Will der Gesetzgeber einen solchen Vorschlag umsetzen, hat er verfassungsrechtliche Vorgaben zu berücksichtigen. Das BVerfG wird Gelegenheit haben, diese im Rahmen der Verfassungsbeschwerde weiter zu konkretisieren, die „Attac“ Anfang des Jahres erhoben hat (Az. des BVerfG: 1 BvR 697/21). Die Organisation sieht sich durch die zitierten BFH-Entscheidungen bzw. durch § 52 Abs. 2 AO in seinen Grundrechten aus Art. 9 Abs. 1 GG (Vereinigungsfreiheit), Art. 5 Abs. 1 Satz 1 (Meinungsfreiheit) und Art. 3 Abs. 1 GG (Gleichheitssatz) verletzt.

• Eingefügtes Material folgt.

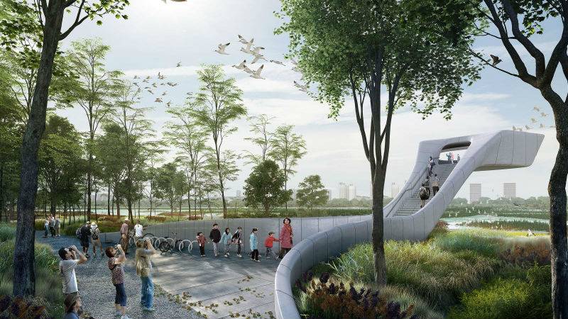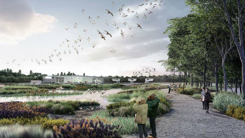 Ідея. Студія McGregor Coxall розробила план парку Ліньган в Китаї. Він розміститься на 60 гектарах водно-болотистих угідь і лісу, де птахи зможуть відпочити і підживитися під час важкого перельоту. Для зрошення місцевості планують використовувати поновлювану енергію, перероблені стічні води і дощову воду. А навколо боліт облаштують 7 кілометрів прогулянкових і велосипедних доріжок, де люди зможуть спостерігати за птахами, не заважаючи їм.

Aus Sicht der gemeinnützigen Organisationen stellt sich die Frage, ob und ggf. wie bei einer Liberalisierung extremistische, demokratiefeindliche und verschwörungsideologische Organisationen von Steuervergünstigungen ausgeschlossen werden können. Soll das Vertrauen in den Non-Profit-Sektor nicht beschädigt werden, bedarf es hierfür unbedingt einer rechtssicheren Lösung.